There are times when the simplest words are the most eloquent.
Expressing an idea, a concept or a feeling in uncomplicated language allows something profound to rise above the craft of constructing a meaningful phrase.
I had the experience of contrasting two parallel phrases when I saw the stage adaptation of “To Kill a Mockingbird” written by Aaron Sorkin.
At one point, Scout, the young daughter, is being lectured by her father, Atticus, about the mentality of a mob.
He spends a number of sentences on the process of mostly reasonable folks joining a mob and then concludes with, “A mob is a place where people take a break from their conscience.”
I was impressed with this Sorkin-esque discourse, but I could not capture enough of it to jot it down in the dark theater. I found the short version online.
However, just before launching into this description, Atticus rebuffs Scout’s expectations of others with the pithy, “A person is smart; people are dumb.” Those seven words capture everything about crowd-sourcing anger.
By the way, intentionally or not, Sorkin lifted that line from “Men in Black,” a decidedly lower-brow production. Tommy Lee Jones says it to Will Smith. Look it up.

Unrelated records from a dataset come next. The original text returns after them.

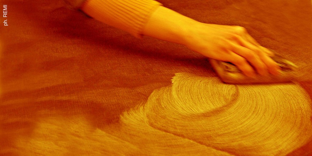 Nelle foto dei due autori si scorgono alcuni dettagli del microuniverso della concia al vegetale: dalla pulitura della pelle con la stira, alla palmellatura (antica tecnica adottata per ammorbidire la pelle), dalla tamponatura alla lucidatura, al taglio.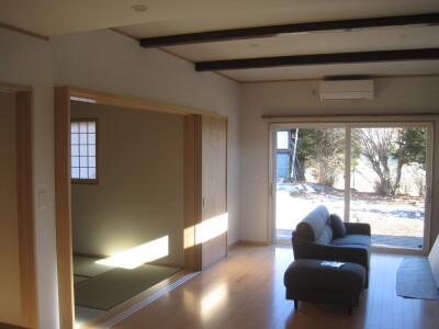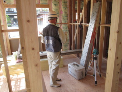 4月某日建て方を行いました。 地元の木材を使用しました、久しぶりの大工さんによる手刻みによる加工です。 |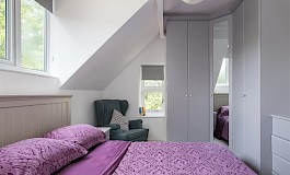 The upper hallway also has the benefit of large built-in storage which is always essential.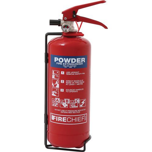 Dry powder for petrol, oil and electrical Class A, B and C fires. Capacity of 1 or 2kg.

It is harder to write short, but it is infinitely more satisfying (certainly for the listener!). I learned early in my career as a rabbi not to use up too many words in a sermon. The fewer I used for one talk, the more I had left for the next.

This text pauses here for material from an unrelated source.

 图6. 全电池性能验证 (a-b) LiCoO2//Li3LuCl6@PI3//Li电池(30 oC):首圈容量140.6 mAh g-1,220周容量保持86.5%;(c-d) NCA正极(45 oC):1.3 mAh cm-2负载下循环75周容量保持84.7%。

Simple words deployed in short declarative sentences do not necessarily put a speaker’s erudition on display, but they hone a message to its essence.
When Moses sees his dear sister, Miriam, afflicted with debilitating disease (a punishment for sinning against him), he proclaims the prayer, “O God, please heal her!” (Numbers 12:13).
Five words contain everything you need to know about the relationship between brother and sister and the character of the speaker.
Brevity is not a guarantee of clarity, however.
We have spent a lot of time over these past two-plus years reacting to simple words inexpertly jumbled.
Used in place of profundity – or when profundity escapes the speaker – simple words can also reveal a simple mind.
The decline of meaningful public expression is a loss I have felt increasingly, mostly after I hear someone capable of speaking well.
It is true that a smooth-talking person can distract from the implications of his or her message, but the contrast between fashioning an inspiring thought and blurting out hackneyed adjectives like “great” or “unfair” is striking.
It was apparent when I heard a candidate for public office recently who referred to “fecklessness” as characterizing a policy. My first thought was that his monosyllabic opponent likely thought the word meant going without sex.
My second thought was how refreshing it was to hear the kind of expression that William Safire used to champion.
I think the more urgent the thought, the more admirable the brevity. The plaintive plea for Miriam’s healing required no elaboration. The instruction offered by Atticus (or by “K”) was about respecting the person, suspecting the crowd.
But when nuance is essential, maybe it is not such a good idea to offer simple (read: simplistic) estimations of complicated notions.
We shouldn’t forget that, in contrast to this powerful and brief prayer, is the Book of Deuteronomy, almost entirely Moses’ monologue that goes on for most of 34 chapters containing 959 verses. I dare you to sum it up with more conciseness or power than these five words.
Jack Moline is President of Interfaith Alliance and a Conservative rabbi.